Because service composition has become a common practice, reliability of composite, or composed, services has become an issue. Reliability analysis has been studied for decades for safety-critical systems, but composite services pose a new challenge. For most safe-critical systems, the hardware and software modules are rigidly integrated and remain unchanged during operation. By contrast, service components of a composite service are often updated and replaced, and their mappings to underlying physical system resource, such as servers, are subjected to reconfiguration. Due to this flexibility, carefully constructing a single tailor-made model for a composite service to determine its reliability is not a viable option.
There currently exist two major technologies for reliability analysis of composite services. They are based on (stochastic) state-space models, as well as on combinatorial models of services. State-space models, such as Markov chains and stochastic Petri nets, represent service components and resources as probabilistic state transition systems, of which the states may reflect their reliability.
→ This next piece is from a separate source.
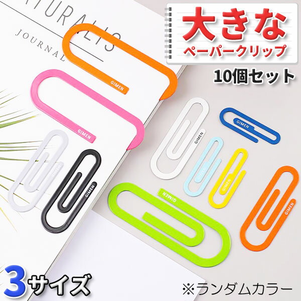 送料無料 3サイズ 10個セット 大きな ペーパー クリップ 文房具 栞 しおり ブックマーカー 大きい ユニーク かわいい ランダムカラー

Given the component and resource models, they can be combined into a larger model representing the composite service that accurately captures the impact of particular failures on the reliability of the entire composite service as a whole. However, this state-based approach often incurs high computational complexity due to state-space explosion.
Combinatorial models, by comparison, which include reliability block diagrams (RBD's) and fault trees (FT's), focus on the causal relations (i.e., reliability-related dependencies) between components and resources. By ruling out possible time-dependent changes of reliability, analyses using these models achieve high computational efficiency at the expense of a potential loss of accuracy. As such, current reliability analyses are plagued by a tradeoff between analysis accuracy and computational complexity.
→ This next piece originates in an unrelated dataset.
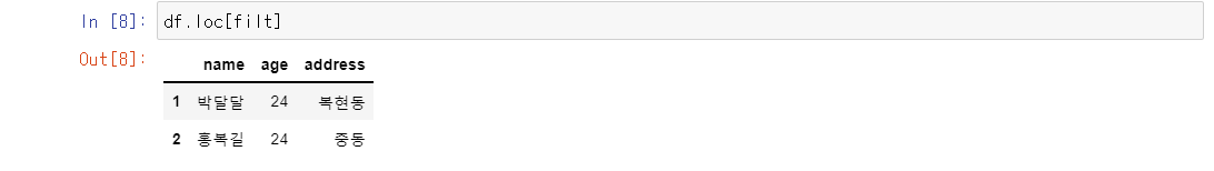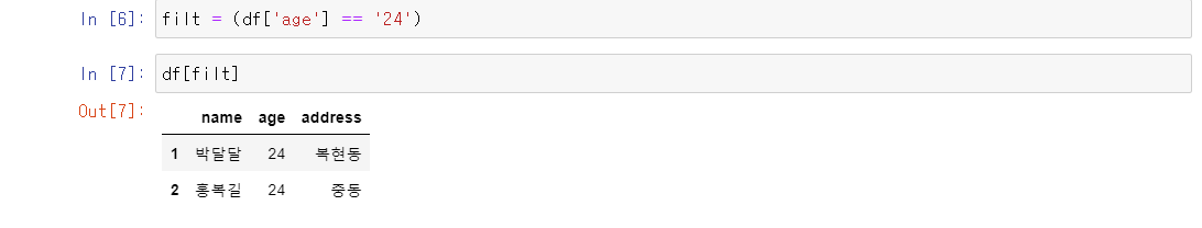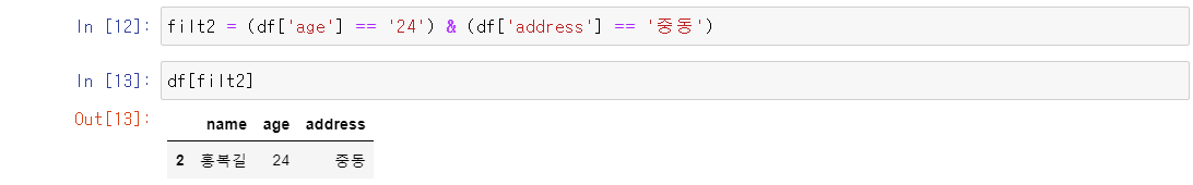 filt2 = (df['age'] == '24') & (df['address'] == '중동')

It is noted that modeling system resources, such as servers, as continuous-time Markov chains (CTMC's) is common. By defining normal and failure states along with transition rates between them, several key metrics can be computed, including resource availability and the mean time to failure/repair (MTTF/MTTR). Recently, to take better account of user/software behavior that affects resource usage, several techniques for hierarchical modeling of software systems that integrate models of user/software behavior and underlying resources have been proposed.
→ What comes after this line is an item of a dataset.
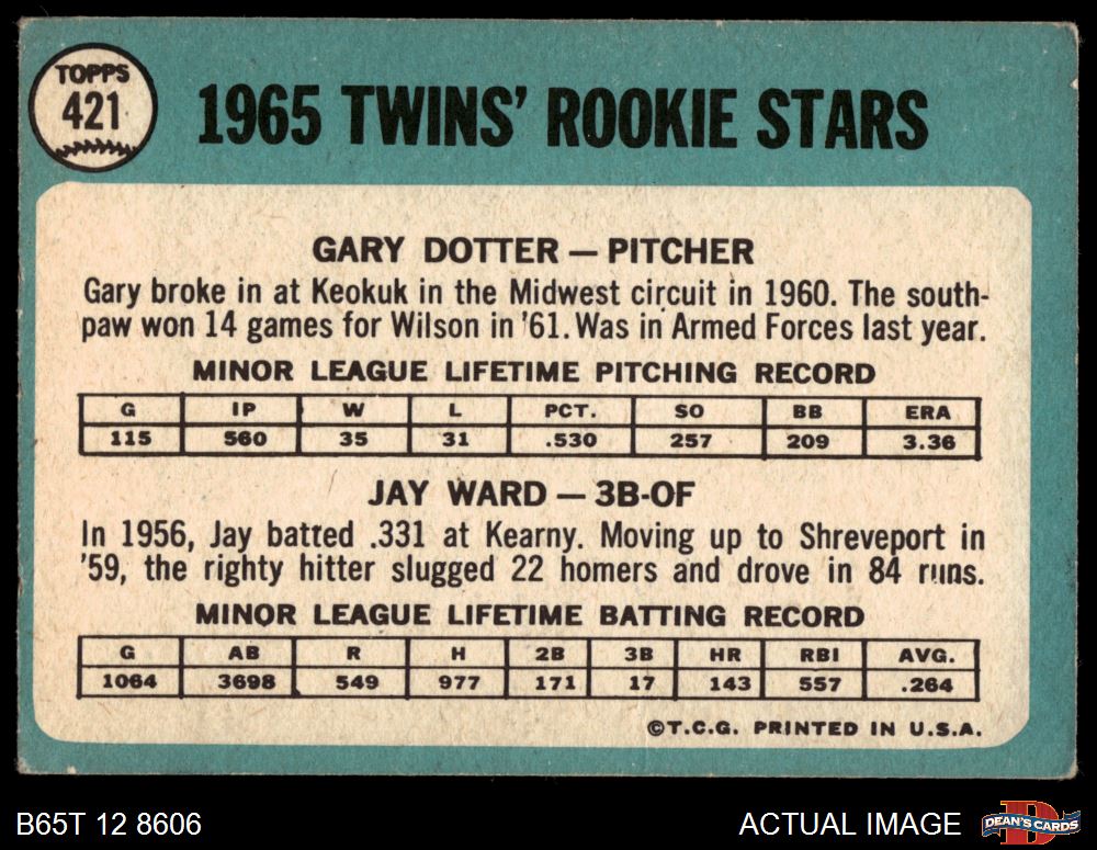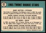 1965 Topps #421 - Gary Dotter / Jay Ward Twins Rookies 3 - VG

Markov reward models (MRM's) have been considered as a unified basis on which to conduct system dependability analysis. For high-level representations of MRM's, stochastic reward nets, based on the Petri net foundation, have been proposed and employed. Correlation between failures has also been addressed, focusing on failure correlation between successive runs of software and formulating these runs based on the Markov renewal process.
Other prior art has focused on the derivation of stochastic models from high-level services definitions. Although it may be useful to construct stochastic models in such an automated manner, the resulting models may nevertheless still suffer from the accuracy-complexity tradeoff that has been discussed. For all of these reasons, as well as other reasons, there is a need for the present invention.